_Description of the task_
Apart from the pictures, every line below needs to be reproduced verbatim.

_Extracted material_
----------------------------------------

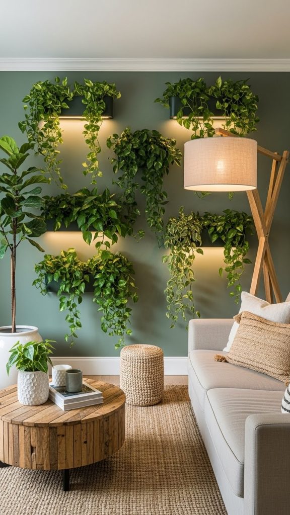 Nature-inspired design is increasingly popular, and living room walls can come alive with greenery. Green walls soften interiors and bring organic calm into modern homes.
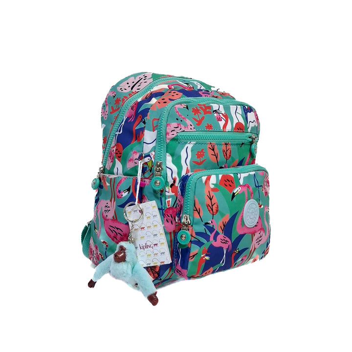 Vibrant Kipling backpack with a flamingo tropical print. Includes spacious compartments, padded straps, and durable nylon fabric. Perfect for casual outings or daily use. Estimated size: 32 x 25 x 14 cm.
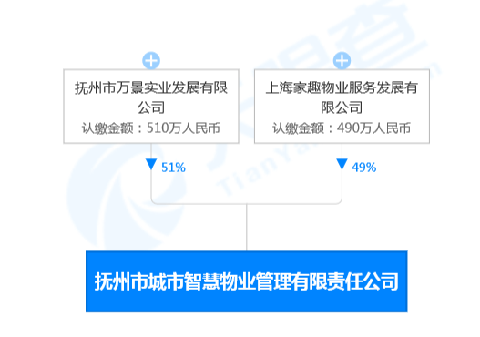 中標供應商撫州市城市智慧物業(yè)管理有限責任公司為“混合所有制企業(yè)”,成立于2022年1月,注冊資本1000萬元,由撫州市城市文化旅游服務發(fā)展集團有限公司全資子公司撫州市萬景實業(yè)發(fā)展有限公司(國有資本)與上海家趣物業(yè)服務發(fā)展有限公司(民營資本)合資組建,其中“國有資本”持股51%
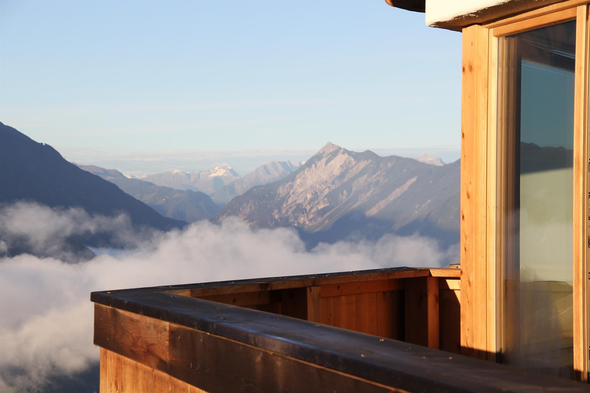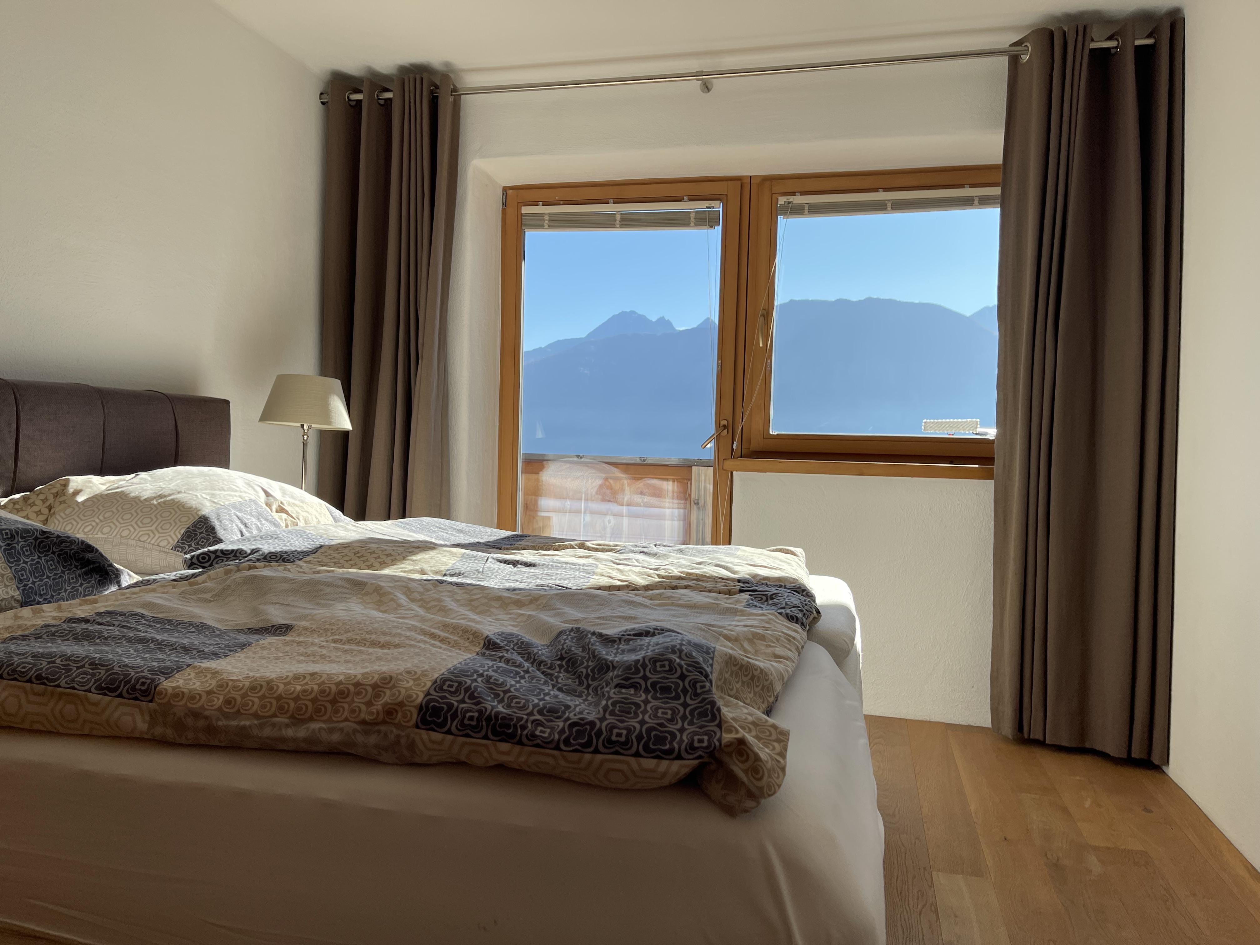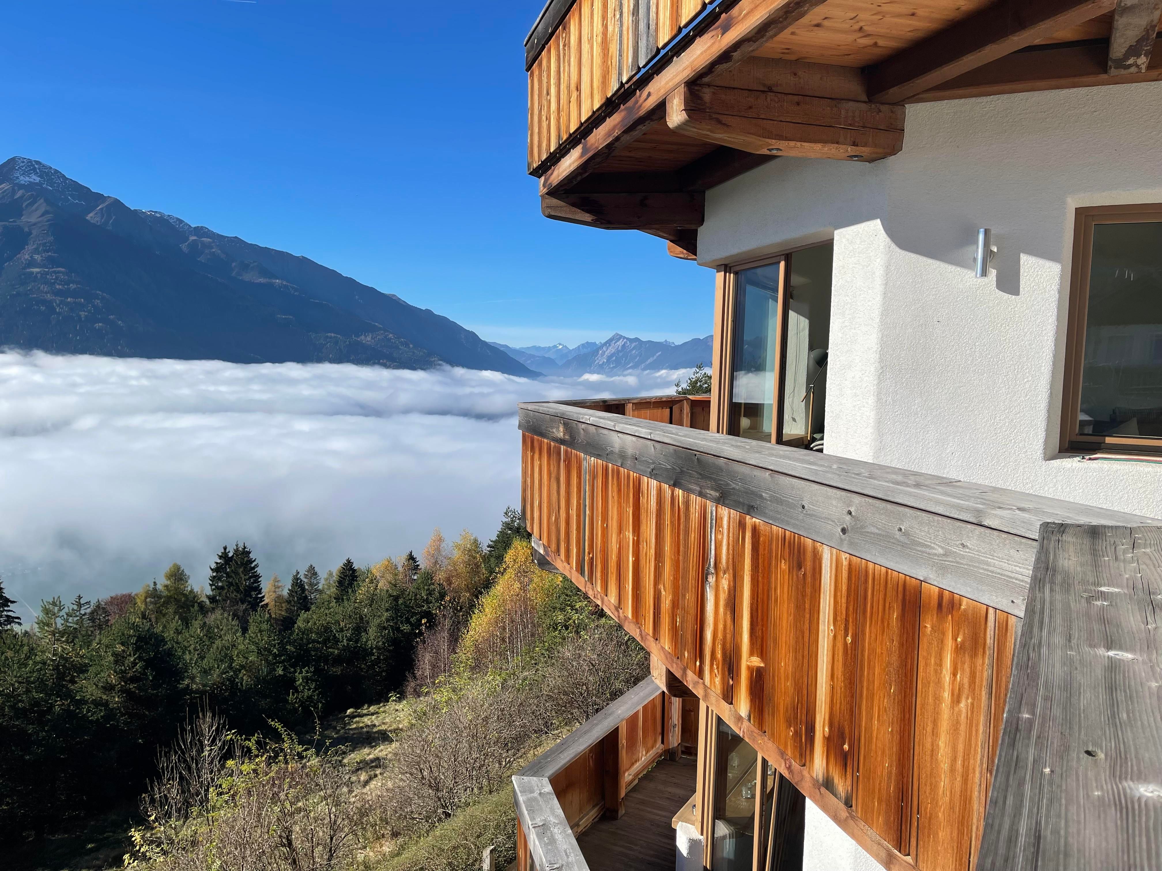 Das 96 m² große moderne Appartement Riepenwand befindet sich in der Residenz Berghof in Mösern mit atemberaubender Aussicht auf die Berge und das 600 Meter niedriger gelegene Inntal.
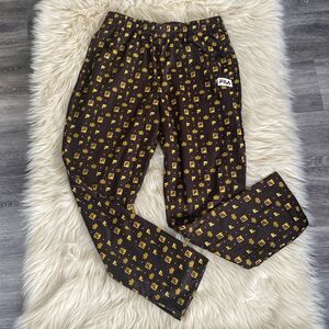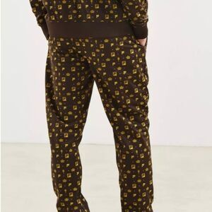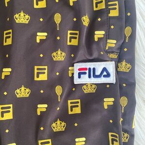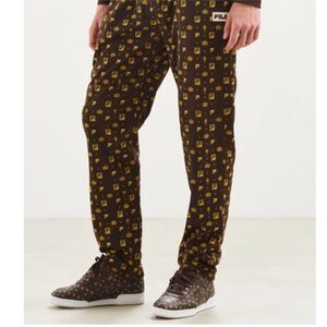 Fila Monogram Track Pants Size XL Brown NWT. Pull on Silhouette. Slim Cut . Slightly tapered leg . Zip accents at hem . Elastic waist. Front slant pockets. Woven logo Label at left thigh . Waist 20-21 inches seam to seam with stretch applied. Total length 42”. 100% Polyester
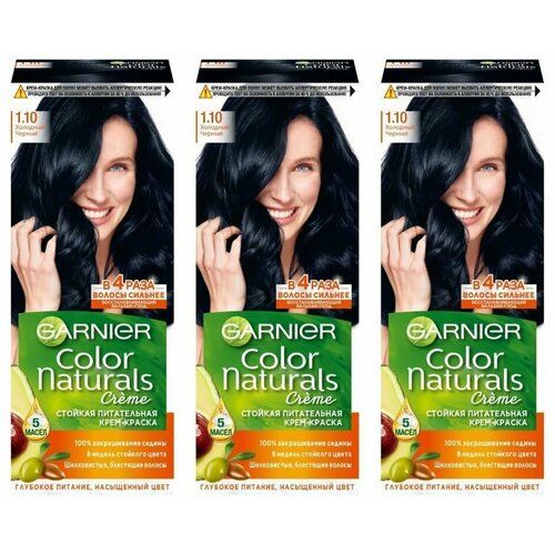 НАЙТИ ВЫГОДНЕЕ - Garnier Стойкая крем-краска для волос Color Naturals, тон 1.10 Холодный черный, 110 мл, 3 шт
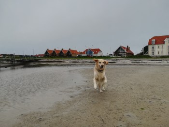 Wir legten jedoch auch gewollte Pausen ein, wie z.B. in Heijlsminde, wo ein riesiger, toller & menschenleerer Sandstrand vor uns lag, den ich Woody natürlich nicht vorenthalten wollte. Hier würde ich wohl auch mein Zelt aufschlagen!, aber nein! Heut geht es mindestens bis Kolding! Dennoch blieben wir hier einige Zeit, machten ein paar Schnappschüsse und tobten ein wenig im Sand, besser gesagt: Woody rekelte und wetzte sich durch den Sand.

----------------------------------------

_Output for this exercise_
 Nature-inspired design is increasingly popular, and living room walls can come alive with greenery. Green walls soften interiors and bring organic calm into modern homes.
 Vibrant Kipling backpack with a flamingo tropical print. Includes spacious compartments, padded straps, and durable nylon fabric. Perfect for casual outings or daily use. Estimated size: 32 x 25 x 14 cm.
 中標供應商撫州市城市智慧物業(yè)管理有限責任公司為“混合所有制企業(yè)”,成立于2022年1月,注冊資本1000萬元,由撫州市城市文化旅游服務發(fā)展集團有限公司全資子公司撫州市萬景實業(yè)發(fā)展有限公司(國有資本)與上海家趣物業(yè)服務發(fā)展有限公司(民營資本)合資組建,其中“國有資本”持股51%
 Das 96 m² große moderne Appartement Riepenwand befindet sich in der Residenz Berghof in Mösern mit atemberaubender Aussicht auf die Berge und das 600 Meter niedriger gelegene Inntal.
 Fila Monogram Track Pants Size XL Brown NWT. Pull on Silhouette. Slim Cut . Slightly tapered leg . Zip accents at hem . Elastic waist. Front slant pockets. Woven logo Label at left thigh . Waist 20-21 inches seam to seam with stretch applied. Total length 42”. 100% Polyester
 НАЙТИ ВЫГОДНЕЕ - Garnier Стойкая крем-краска для волос Color Naturals, тон 1.10 Холодный черный, 110 мл, 3 шт
 Wir legten jedoch auch gewollte Pausen ein, wie z.B. in Heijlsminde, wo ein riesiger, toller & menschenleerer Sandstrand vor uns lag, den ich Woody natürlich nicht vorenthalten wollte. Hier würde ich wohl auch mein Zelt aufschlagen!, aber nein! Heut geht es mindestens bis Kolding! Dennoch blieben wir hier einige Zeit, machten ein paar Schnappschüsse und tobten ein wenig im Sand, besser gesagt: Woody rekelte und wetzte sich durch den Sand.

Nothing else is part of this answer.